Sauté the onion in a large non-stick pot until it begins to brown, adding a little water if necessary to prevent sticking. Add the garlic, and cook for another minute. Add all spices, including cinnamon stick, and stir for another minute. Add the zucchini, canned tomatoes, chickpeas, raisins, and vegetable broth and bring to a boil. Reduce heat and add the eggplant and cherry tomatoes. Cover and cook on low while quinoa is cooking.

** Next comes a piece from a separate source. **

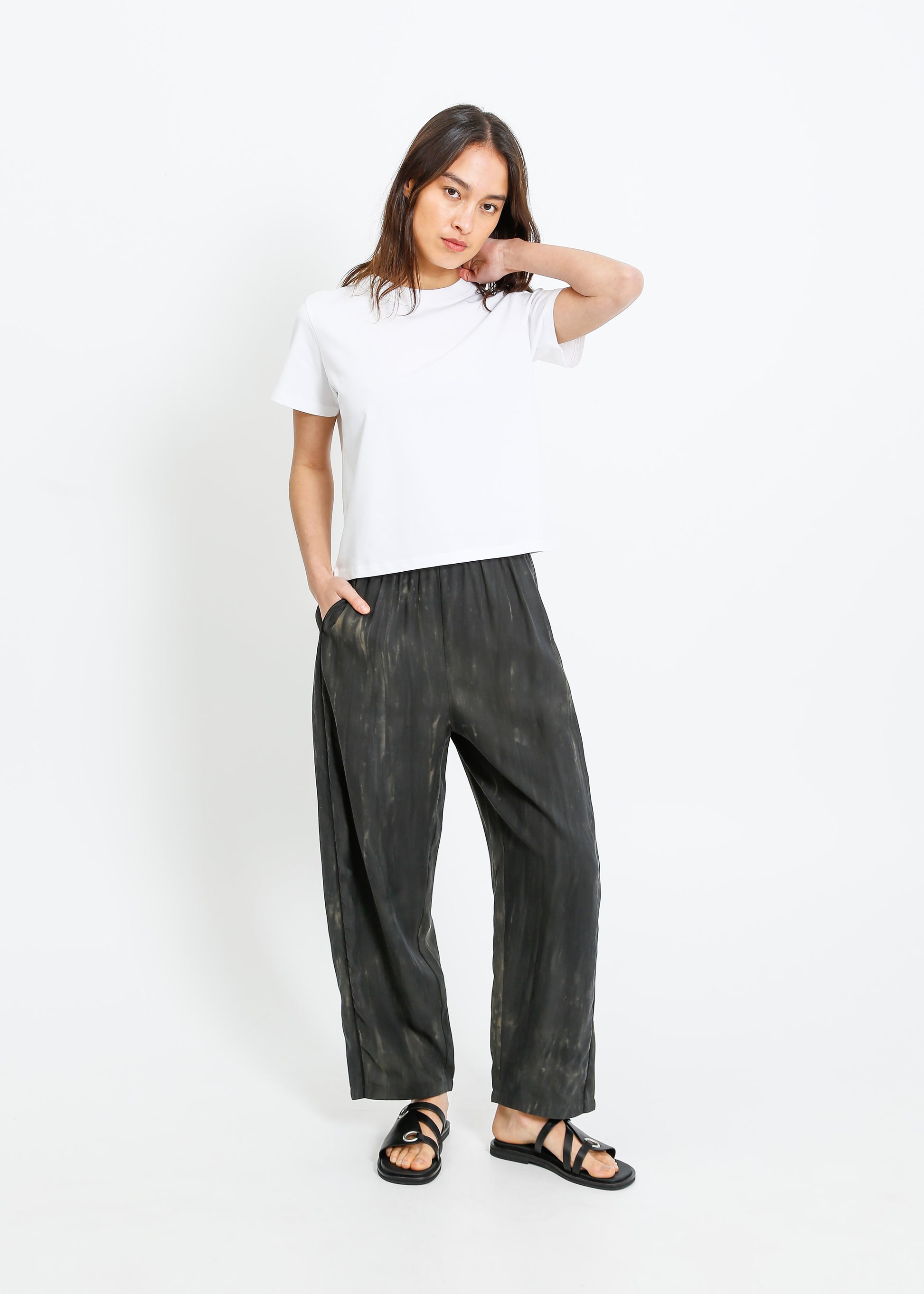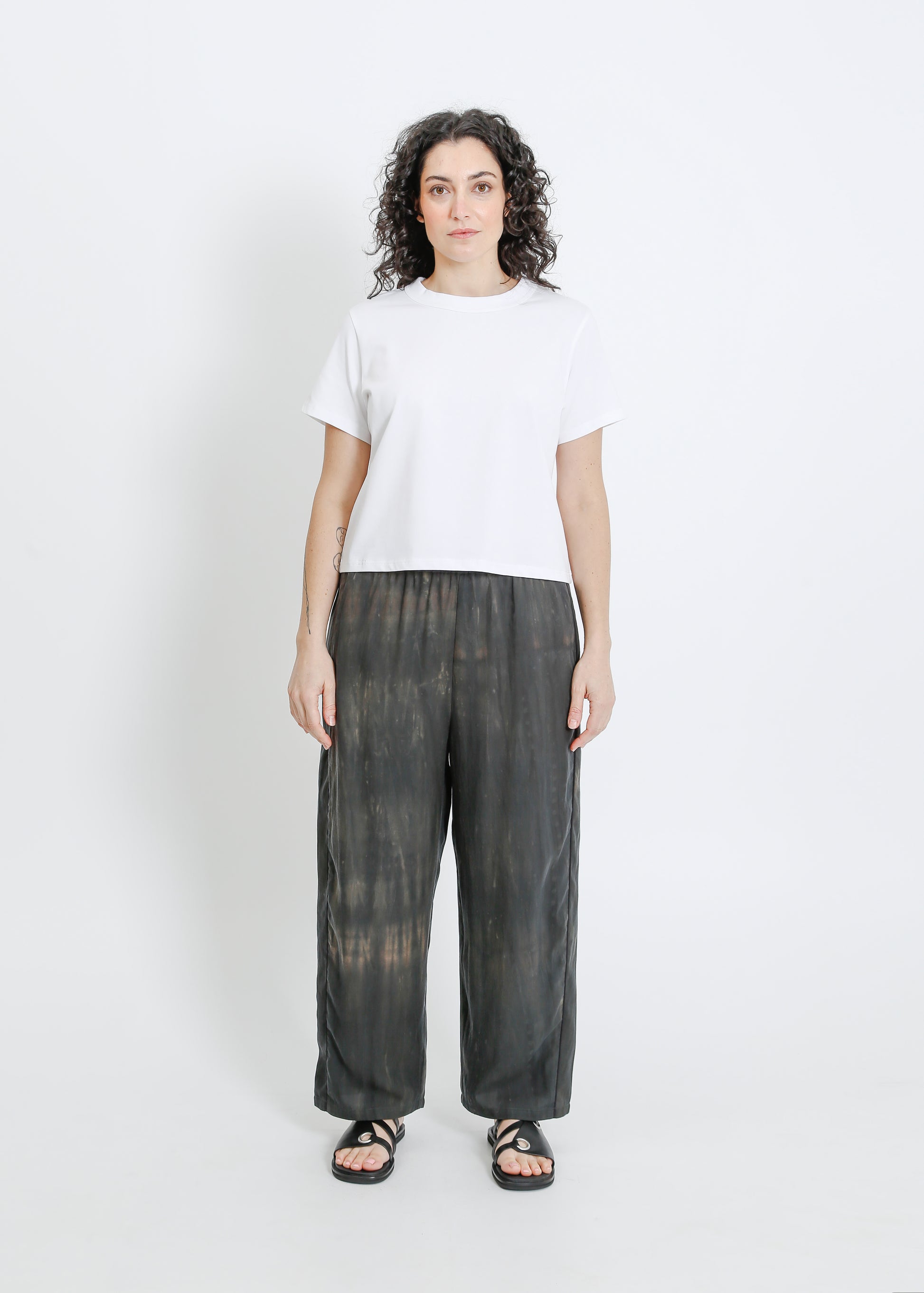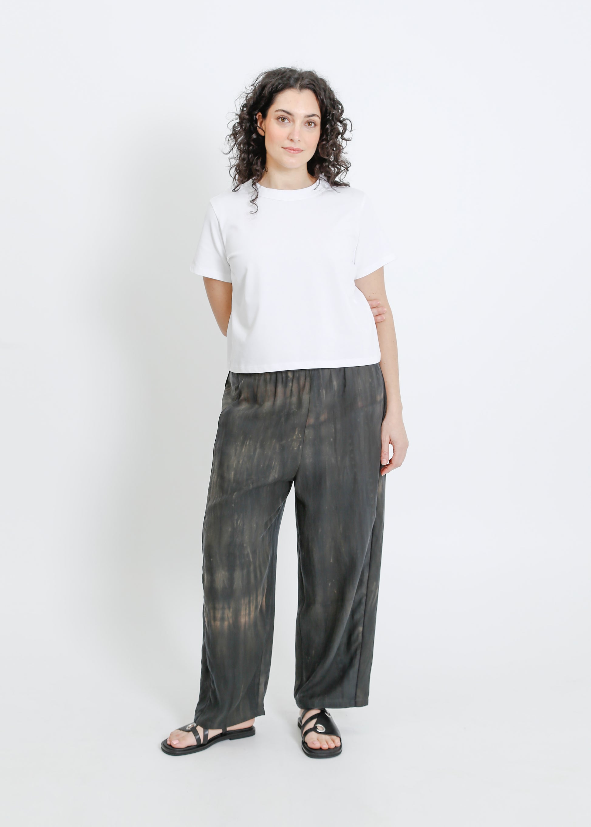 The ALPHA60 Cooper Pant is a modern essential, designed for comfort and style. Featuring a full-length silhouette and a high-rise fit, these pants are crafted from soft Tencel with a subtle drape. Black piping along the design lines adds a refined touch, while the elasticated waistband ensures ease of wear. Perfect for elevating your everyday wardrobe.

Heat a medium-sized nonstick pot. Add the rinsed quinoa, and cook, stirring, for a few minutes until the quinoa is fairly dry. Add the vegetable broth and garlic, bring to a boil, reduce heat, and cover. Cook until quinoa absorbs all of the water, about 15 minutes. (If quinoa is tender and doesn't seem to absorb all the water, remove the cover and turn up the heat for a few minutes.)

Remove cinnamon stick. Spread a bed of quinoa on each plate and top with ragout.

Makes 6 servings. Per serving: 278 Calories (kcal); 3g Total Fat; (10% calories from fat); 10g Protein; 56g Carbohydrate; 0g Cholesterol; 412mg Sodium; 11g Fiber. Weight Watchers Core (plus 1/2 pt for raisins) /5 Points.

Nutritional information is approximate and is not guaranteed to be 100% accurate. "Gluten-free" label is strictly a cataloging tag meant to be helpful for recipe searches and does not ensure that
the recipe is completely free of gluten. Always read ingredient labels carefully and contact manufacturers to make sure that products actually are vegan and/or gluten-free.